Host to a sizable number of non-Arctic nations, the Arctic Council can play a key role in assisting regional and non-regional actors to coordinate their capacity building priorities and efforts with regard to enhanced search and rescue capabilities, rail connectivity, and maritime security. However, doing so requires it to be able to discuss defence and security issues because most of the capacity building initiatives, at least those related to infrastructure, tend to have dual usage. For example, increased rail connectivity in the Arctic will not only facilitate the faster transportation of goods but it will also allow for a smoother transportation of military equipments and personnel. Furthermore, regional organisations like the Arctic Council are best suited for capacity building efforts because they provide a space for both experimental undertakings and informal exchanges. As such, they can be used as both venues for states with little or no previous experiments of cooperation as well as “networks of effective action” and knowledge depositories for future capacity-building endeavours.27)
Unattainability of Exclusivity
Arctic states tend to be keen on minimising non-Arctic states participation in agenda setting practices pertaining to the Arctic governance. This desire for exclusivity, it must be noted, is indeed problematic28) not just because climate change is a transnational threat/problem but also because increased maritime activity in the Arctic will have consequences for the global economy. In an important sense, hence, it is unreasonable to insist on limiting participation to geographical proximity, and that venues such as The Arctic Security Forces Roundtable (ASFR) or the Arctic Chiefs of Defence (CHOD) forum, while useful, will most likely prove inadequate in articulating long-term solutions for the sustainable management of regional affairs.

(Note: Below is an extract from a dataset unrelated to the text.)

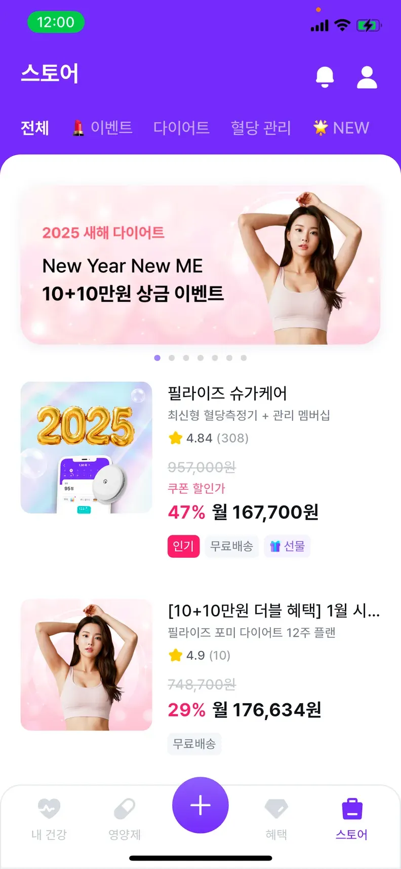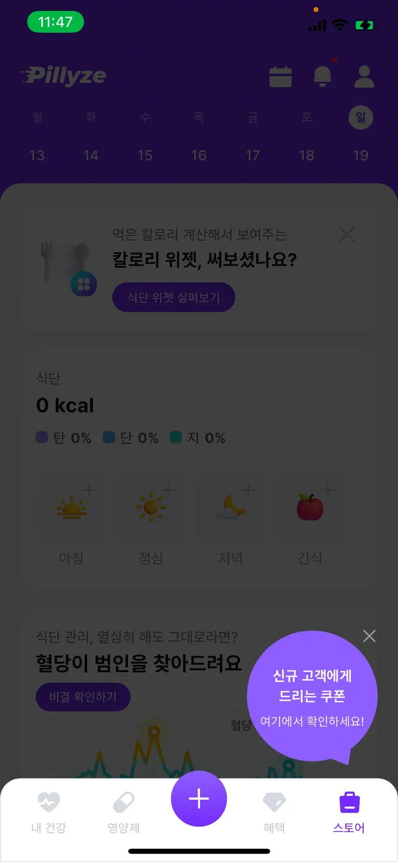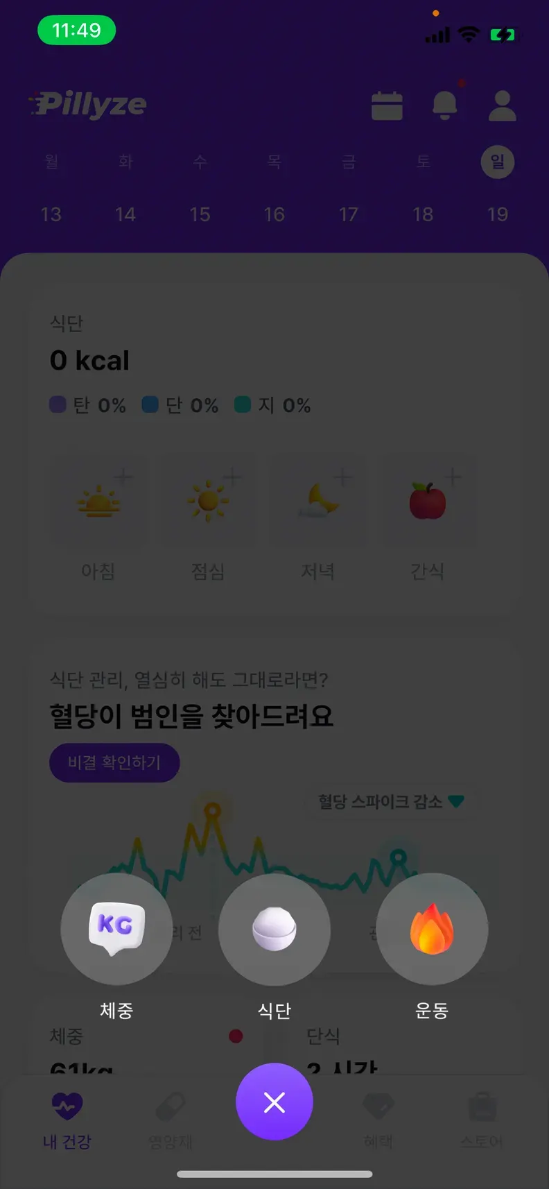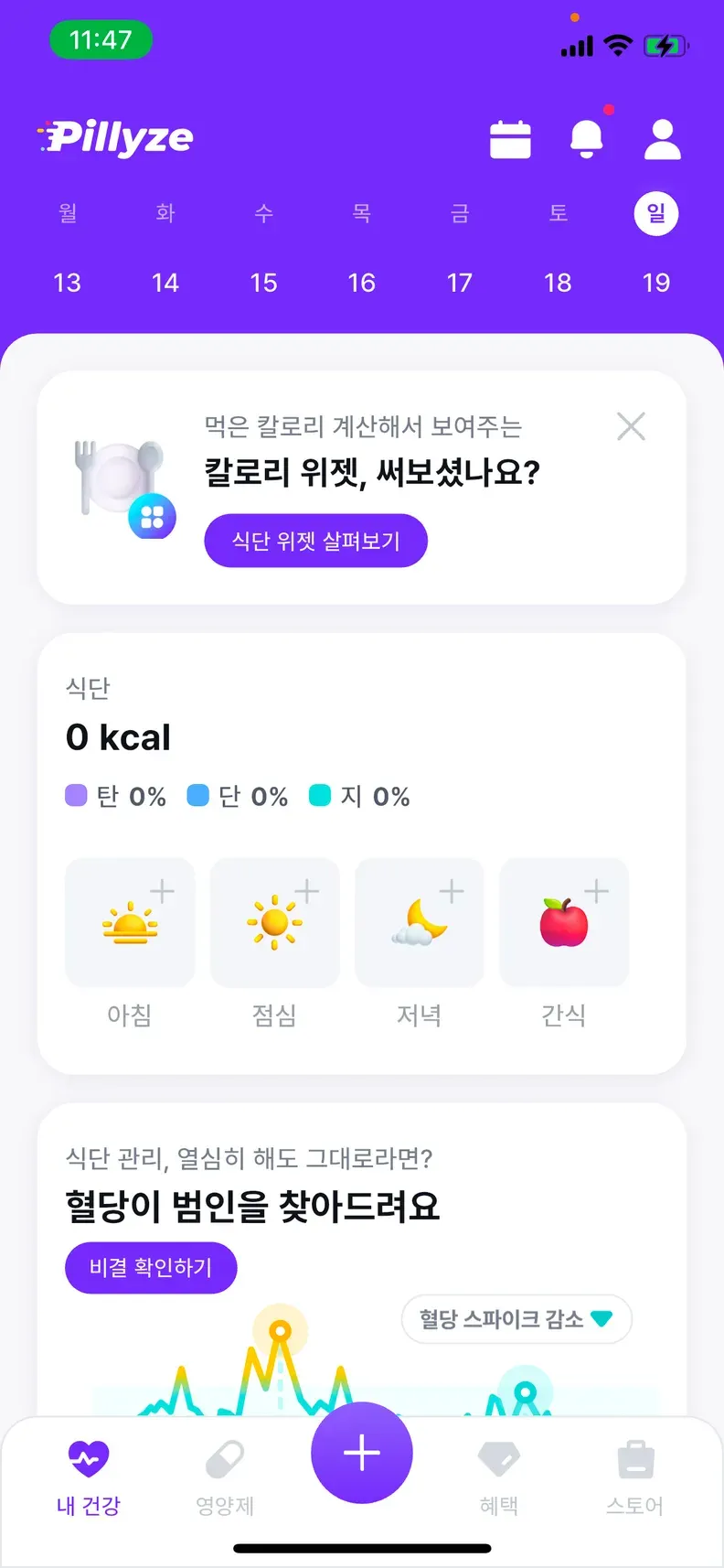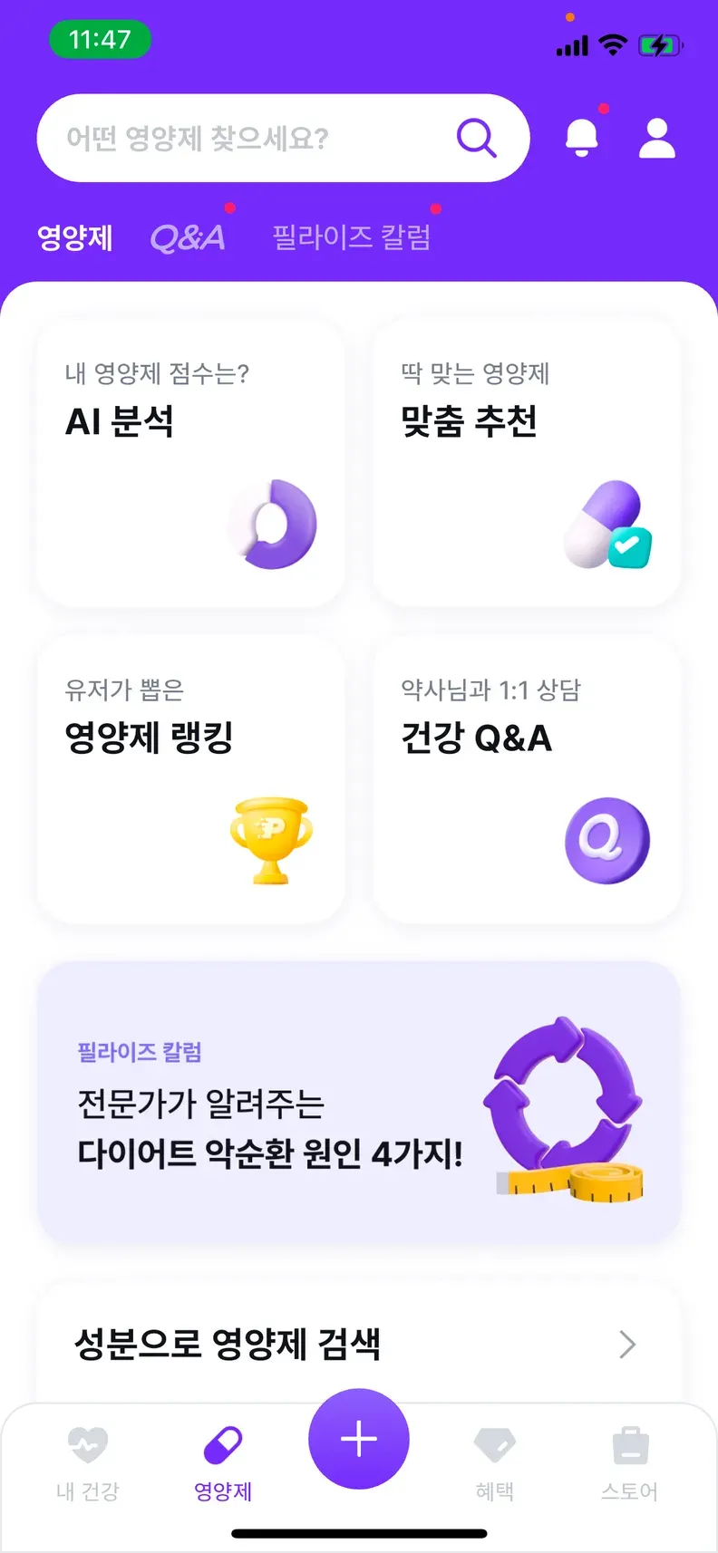건강관리 슈퍼앱. 꼼꼼한 개인 맞춤형 분석을 통한 영양제, 식단, 혈당, 수분, 운동, 컨디션, 단식, 걸음수까지 하나의 앱으로 관리할 수 있도록 도움.

If climate change is a transitional issue in need of international cooperation,29) and if foreign investment and knowhow is sought after for sustainable development of the Arctic30) it is hard to see how non-Arctic states can be justifiably excluded from governance discussions in the Arctic. As the region becomes more accessible and more integrated with the outside world, it is, put simply, inevitable that more states with no territory in the region will seek to have a say over the course and/or direction of regional affairs. Resisting such calls will not just create unnecessary tensions but also incentivises the excluded parties to put their weights behind non-regional organisations and set up alternative groupings. This is clearly evident in China, Japan and South Korea calls for involvement of international organisations like the UN and IMO in discussing Arctic affairs as well as their establishment of what could be dubbed as a Northeast Asian Arctic Club.31)

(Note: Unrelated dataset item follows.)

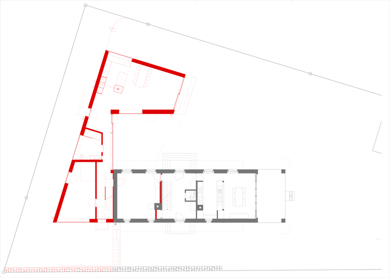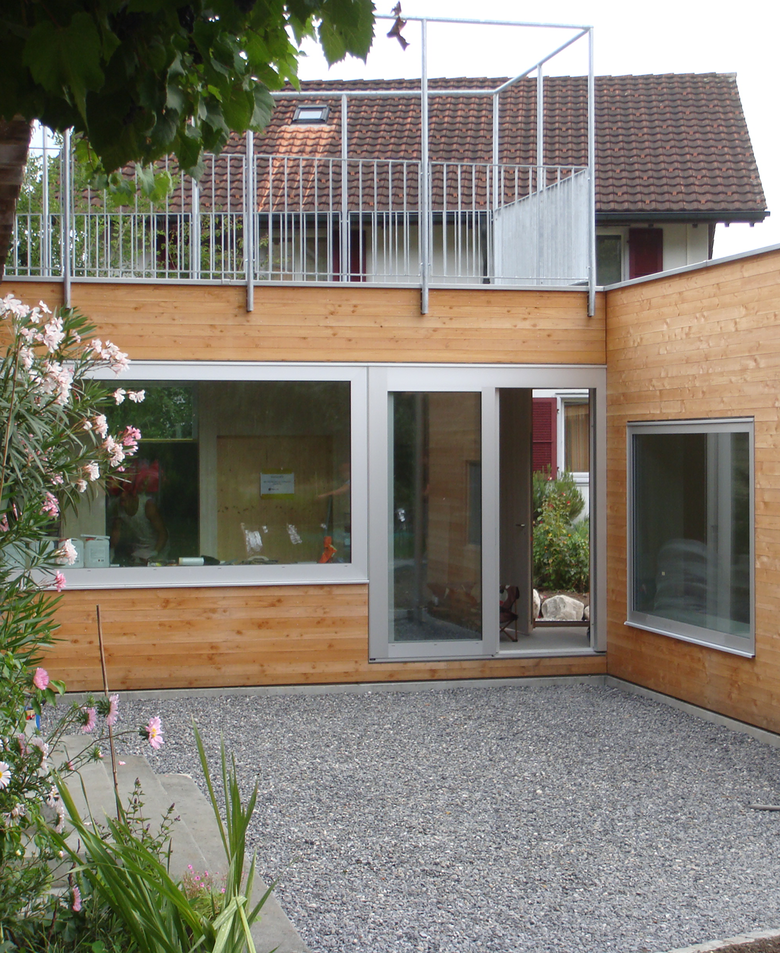Anstelle des Schopfes bildet der neue Hausteil einen

And herein lies the danger of institutional polarisation which could stifle decision making and long term planning. Arctic governance would benefit if there is a singular venue where Arctic related issues can be discussed as opposed to a multitude of institutions with different membership structures. Once again, the Arctic Council is the ideal candidate for such undertaking. Not only it has accepted observer states but its Emergency Preparedness, Prevention, and Response Working Group, which “aims to promote pan-Arctic collaboration, capacity-building, and information-sharing related to Arctic emergencies across public and private domains”,32) can be used as a model for the involvement of non-Arctic nations in agenda setting practices.

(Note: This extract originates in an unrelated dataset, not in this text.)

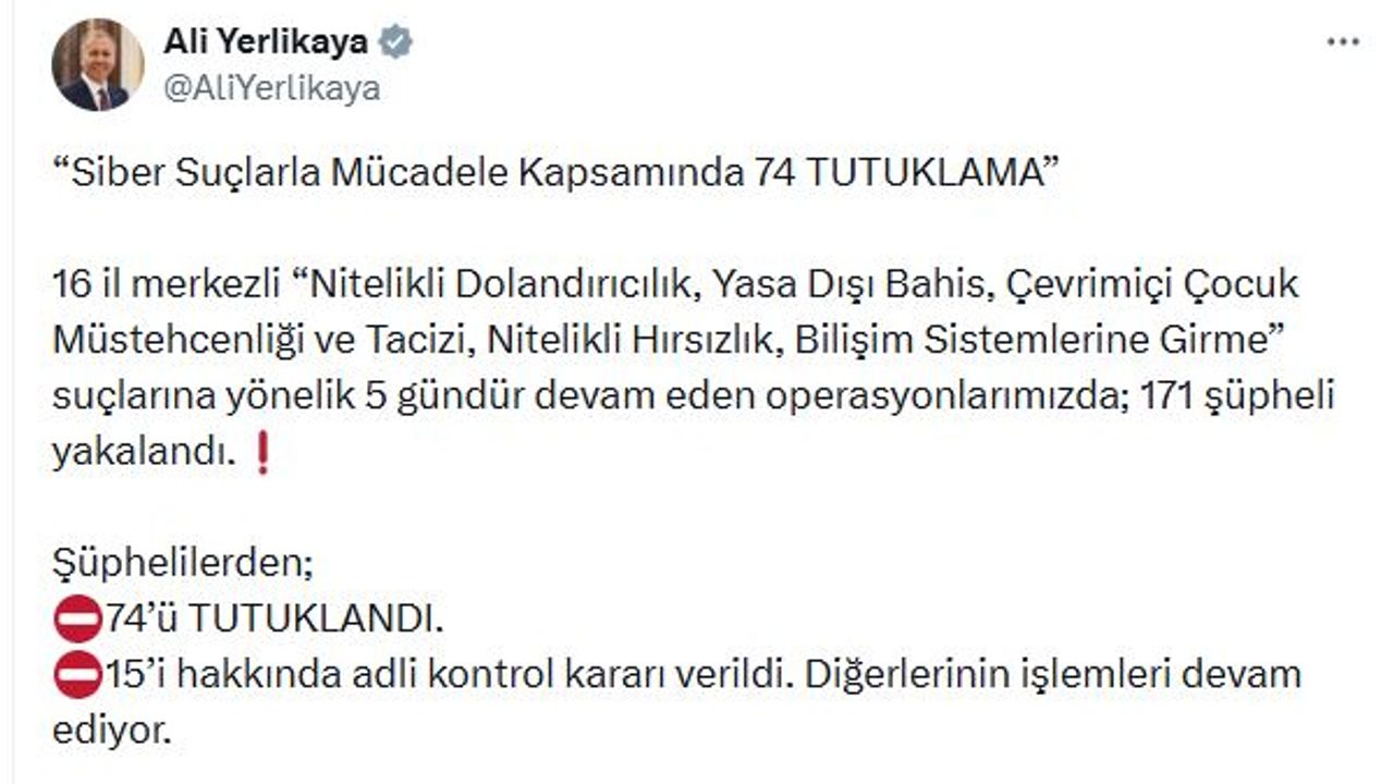 İçişleri Bakanı Ali Yerlikaya, Cumhuriyet başsavcılıkları ile Emniyet Genel Müdürlüğü koordinesinde son 5 gündür yürütülen siber suç operasyonlarını sosyal medya hesabından paylaştı. Buna göre; İl Emniyet Müdürlükleri Siber Suçlarla Mücadele Şube Müdürlüklerince 16 il merkezli 46 ilde 'Nitelikli dolandırıcılık', 'Yasa dışı bahis', 'Çevrim içi çocuk müstehcenliği ve tacizi', 'Nitelikli hırsızlık', 'Bilişim sistemlerine girme' suçlarına yönelik gerçekleştirilen operasyonlarda 171 şüpheli yakalandı. Yapılan aramalarda, ruhsatsız tabancalar ile çok sayıda dijital materyal ele geçirildi. Şüphelilerden 74'ü çıkarıldıkları hakimliklerce tutuklandı, 15'i hakkında adli kontrol kararı verildi. Diğerlerinin işlemleri devam ediyor.

More broadly, the Arctic Council is the only institution where smaller Arctic states can keep a check on their mightier non-Arctic counterparts’ conduct and priorities in the Arctic. Instead of blank opposition, therefore, they are better advised to utilise their current privileged position within the Council to work with Russia and the United States in setting the rules for the more active participation of non-Arctic states in the Council’s deliberations. By doing so, they would both retain their own relevance and also defer the prospect of emerging rival organisations since none-Arctic states would have less reason to set up alternative venues if they are given more rights within the Council. Their more active participation, lastly, can be regulated by making membership renewal conditional upon satisfactory conduct. Since observer status must be renewed every four years,33) put differently, it could be used as a tool to trim outside powers conduct within the Council and the wider region.
Conclusion
In discussing the future of the Arctic Council, it is, first and foremost, vital to openly acknowledge its accomplishments. From including indigenous people on a permanent basis, to facilitating the establishment of an Arctic University, the Arctic Economic Council, and Coast Guard Forum, the Arctic Council has done a remarkable job in maintaining peace and stability in the region.34) It has been able to do so by proactively contributing to various Arctic initiatives and pushing for their implementation.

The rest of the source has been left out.